WHAT THE TASK ASKS:
Retype only the lines below from the one with "Teriakkan Yel-yel, Mahasiswa" to the one with "Gigi Becali a", inclusive, skipping every image.

BEGIN MATERIAL PROVIDED

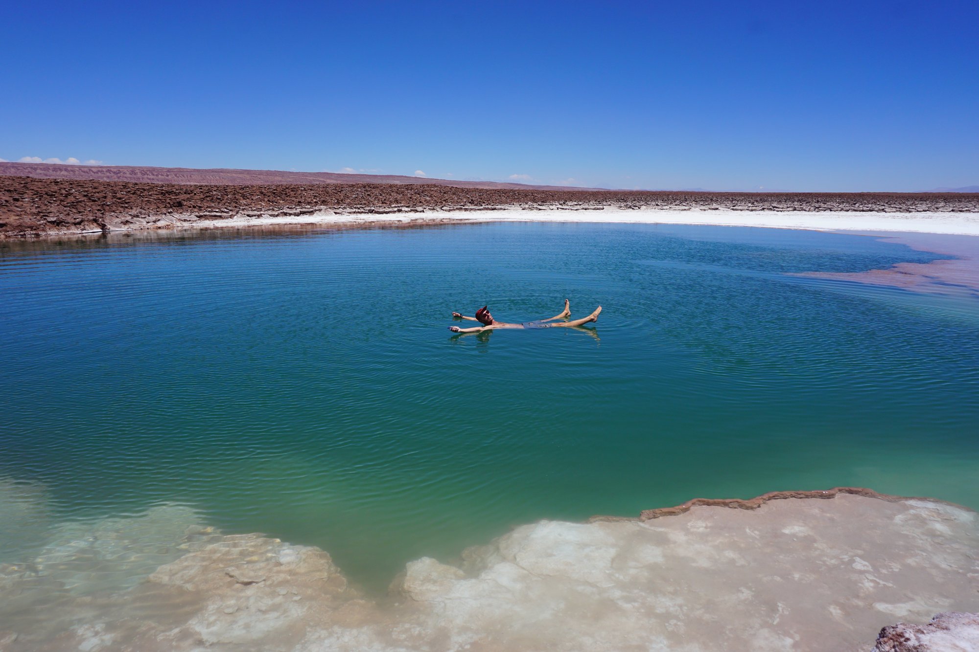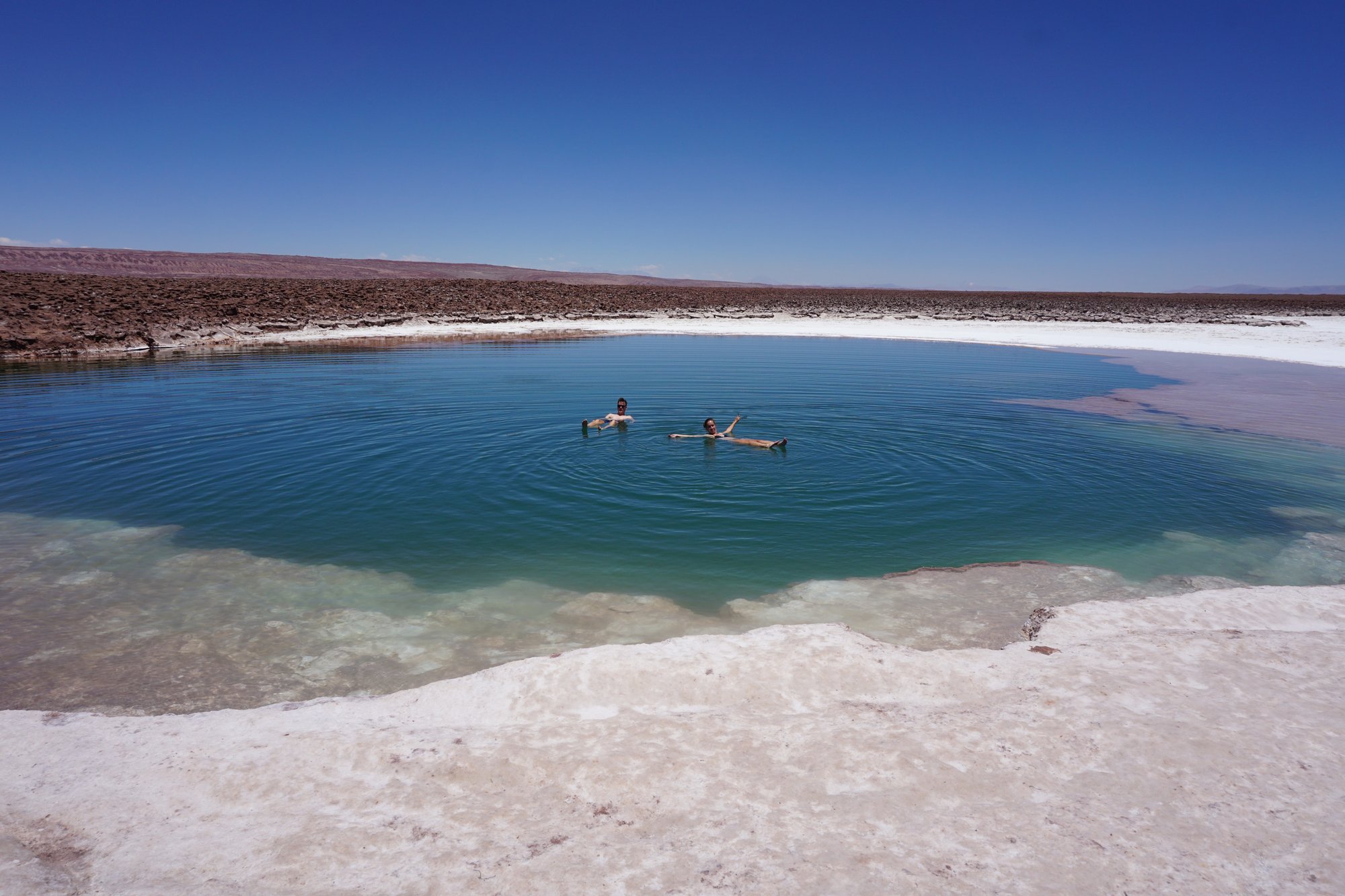 Na deze prachtplek is het tijd voor een compleet nieuwe ervaring: drijven in het water. Doordat enkele meren in de Atacama woestijn zo ontzettend zout zijn (zelfs zouter dan de beroemde Dode Zee), blijf je erin drijven. Dat willen we weleens ervaren! In de Atacama woestijn heb je twee keuzes voor deze unieke ervaring: het dure en populaire Laguna Cejar (entreeprijs: 17.000 Chileense pesos per persoon, omgerekend zo’n 22 euro) of de rustigere en goedkopere Laguna Baltinache (entreeprijs: 5.000 Chileense pesos per persoon, omgerekend zo’n €6,50). Wij kiezen voor de laatste, reizen in Chili is al duur genoeg. ;-)
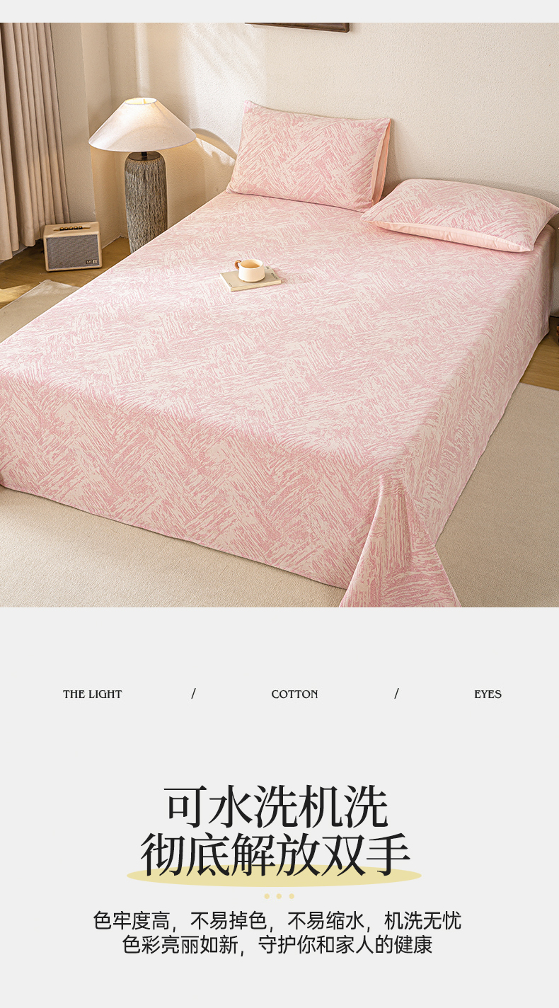 • 91家纺网 家纺一手货源 找家纺 灰鲸 2025新款全棉纯棉三层纱色织提花床单 本色-粉
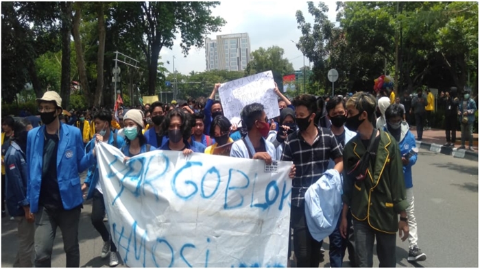 Teriakkan Yel-yel, Mahasiswa di Palembang Mulai Aksi Demo Menolak UU Omnibus Law Cipta Kerja
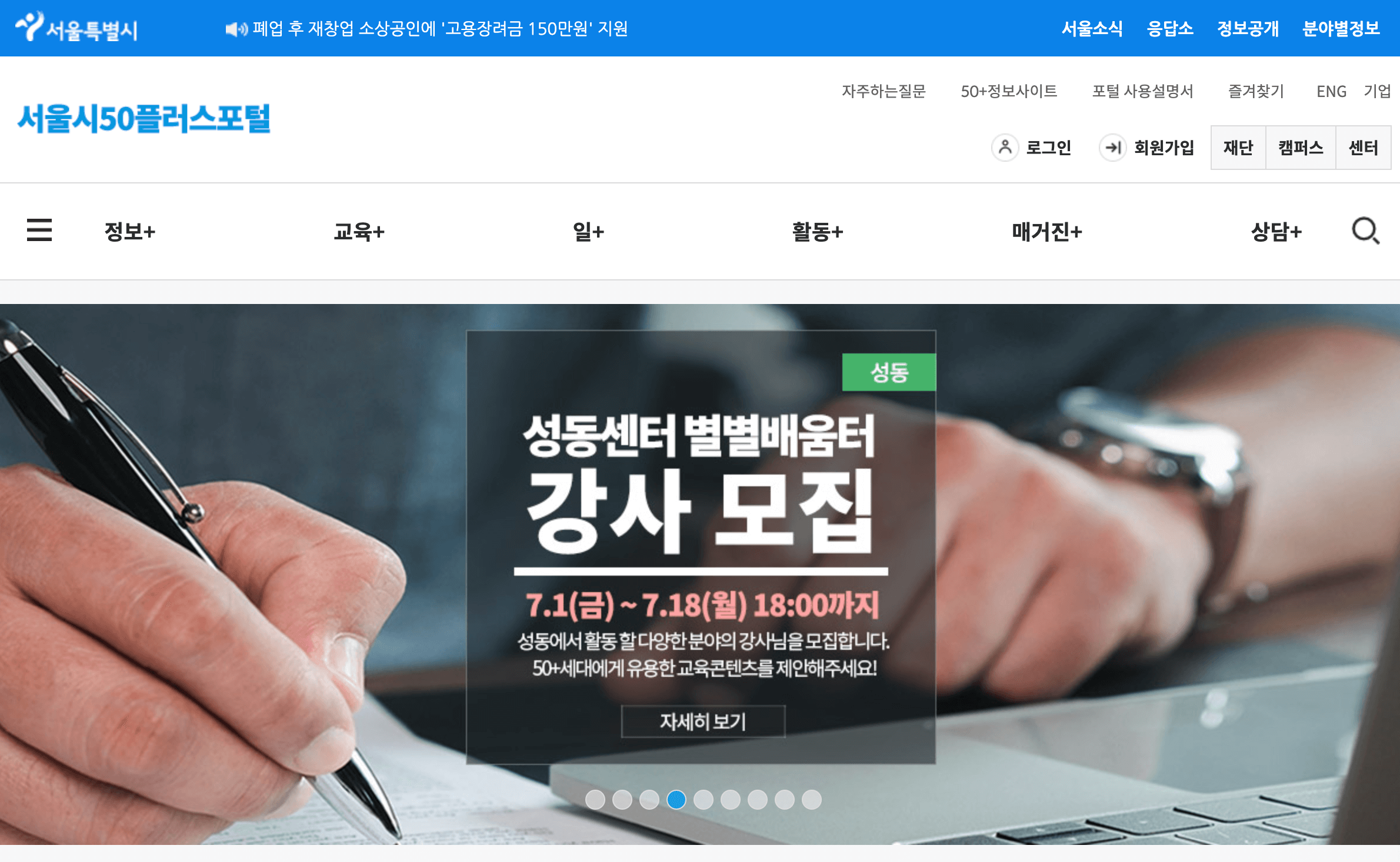 해당 방법은 서울이라는 특정 지역에 한정적입니다. 하지만 사이트 메인에서 확인할 수 있는 것처럼 시니어 분들을 위한 다양한 서비스를 제공하고 있습니다.
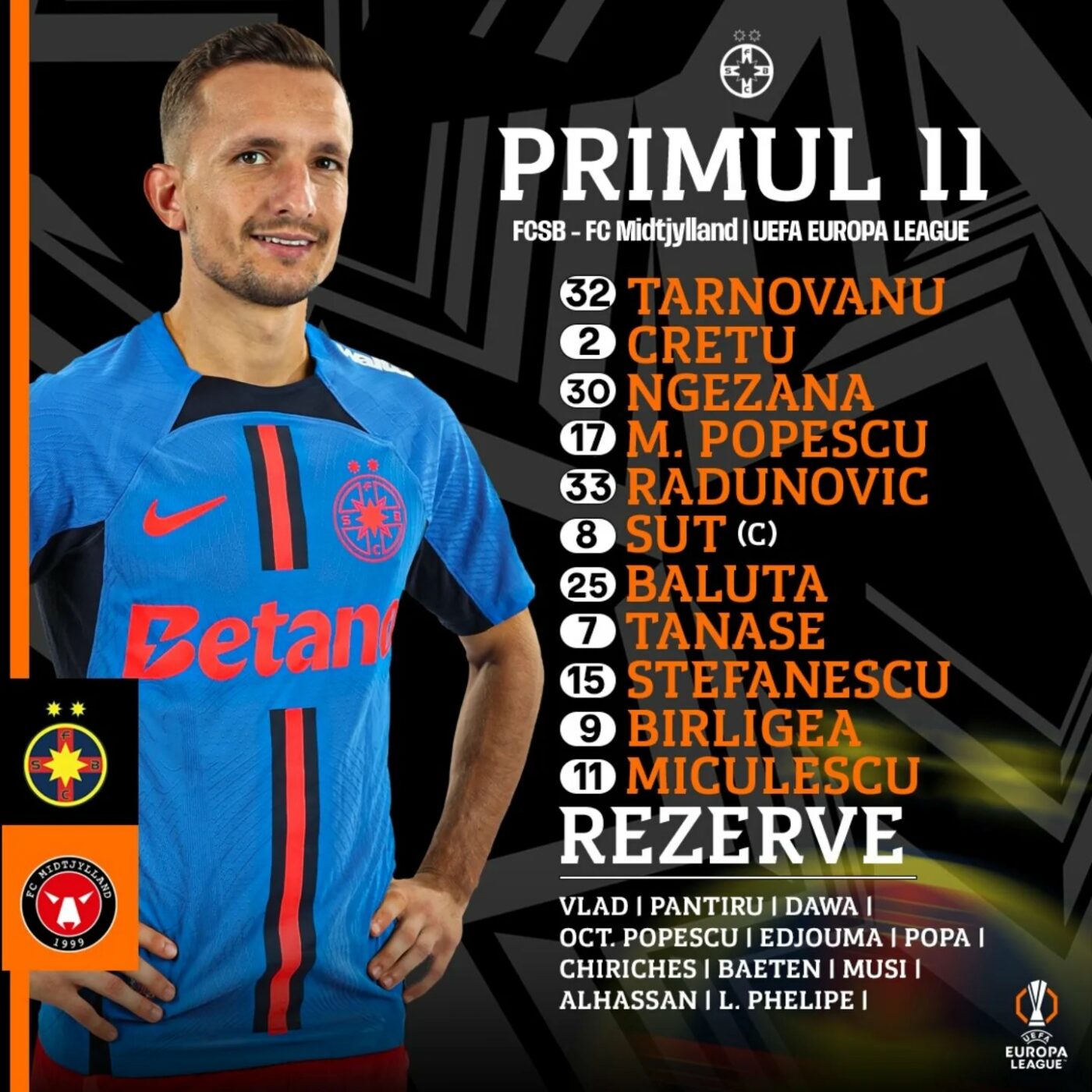 Gigi Becali a anunțat echipa cu câteva zile înaintea duelului cu campioana Danemarcei. Totuși, Thomas Thhomasberg nu a vrut să fie luat prin surprindere de români, crezând că poate asta e doar o tactică de a induce adversarii în eroare și de fapt FCSB să înceapă cu o altă formulă de start. Și totuși, finanțatorul roș-albaștrilor nu a mințit cum se aștepta tehnicianul danezilor.
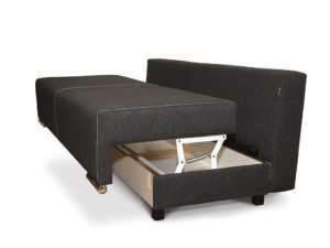 Для того, чтобы его разложить, надо также вытянуть нижнюю часть, которая имеет удобные колесики. В этом случае, местом для головы является спинка, которая также раскладывается, образуя ровную поверхность, напоминающую простую кровать. Такой вариант отлично подходит для детских комнат, кухни и прочих помещений, где требуются диваны небольших размеров.
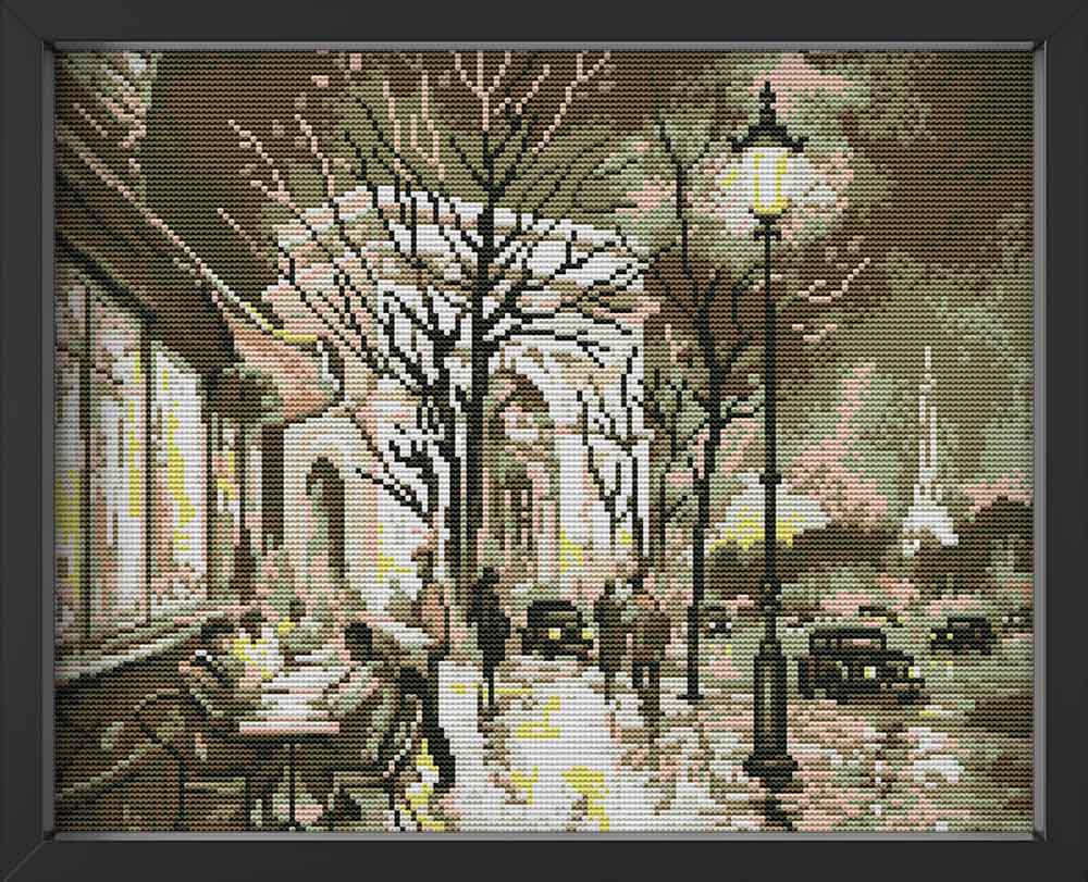 Kreuzstich - Stadt in der Nacht | 40x40 cm
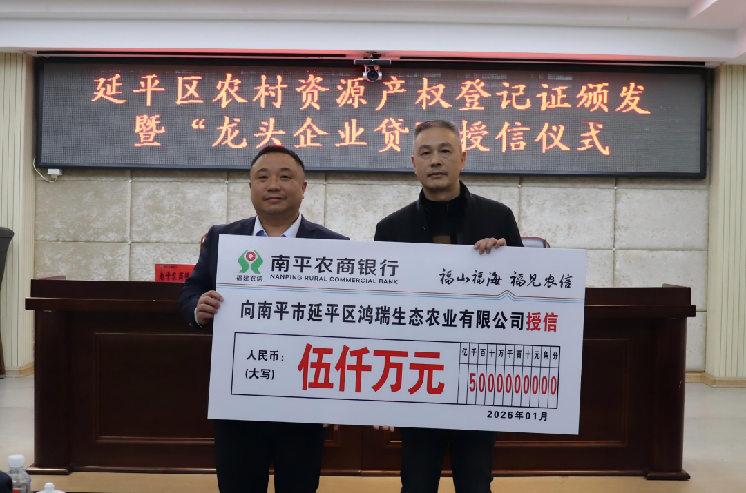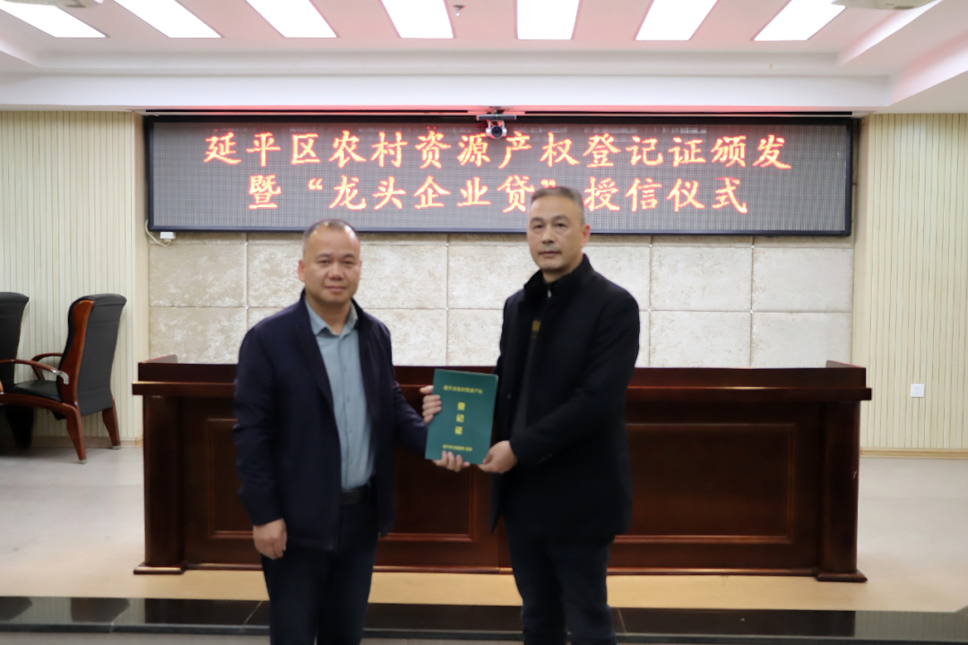 1月19日,延平区农村资源产权登记证颁发暨“龙头企业贷”授信仪式顺利举行。区政府副区长詹泉照向南平市延平区鸿瑞生态农业有限公司颁发编号为001号的农村资源产权登记证,标志着全区农村资源资产化改革迈出关键一步。区农业农村局、南平农商银行及相关企业代表共同出席见证。

END MATERIAL PROVIDED

TASK OUTPUT:
 Teriakkan Yel-yel, Mahasiswa di Palembang Mulai Aksi Demo Menolak UU Omnibus Law Cipta Kerja
 해당 방법은 서울이라는 특정 지역에 한정적입니다. 하지만 사이트 메인에서 확인할 수 있는 것처럼 시니어 분들을 위한 다양한 서비스를 제공하고 있습니다.
 Gigi Becali a anunțat echipa cu câteva zile înaintea duelului cu campioana Danemarcei. Totuși, Thomas Thhomasberg nu a vrut să fie luat prin surprindere de români, crezând că poate asta e doar o tactică de a induce adversarii în eroare și de fapt FCSB să înceapă cu o altă formulă de start. Și totuși, finanțatorul roș-albaștrilor nu a mințit cum se aștepta tehnicianul danezilor.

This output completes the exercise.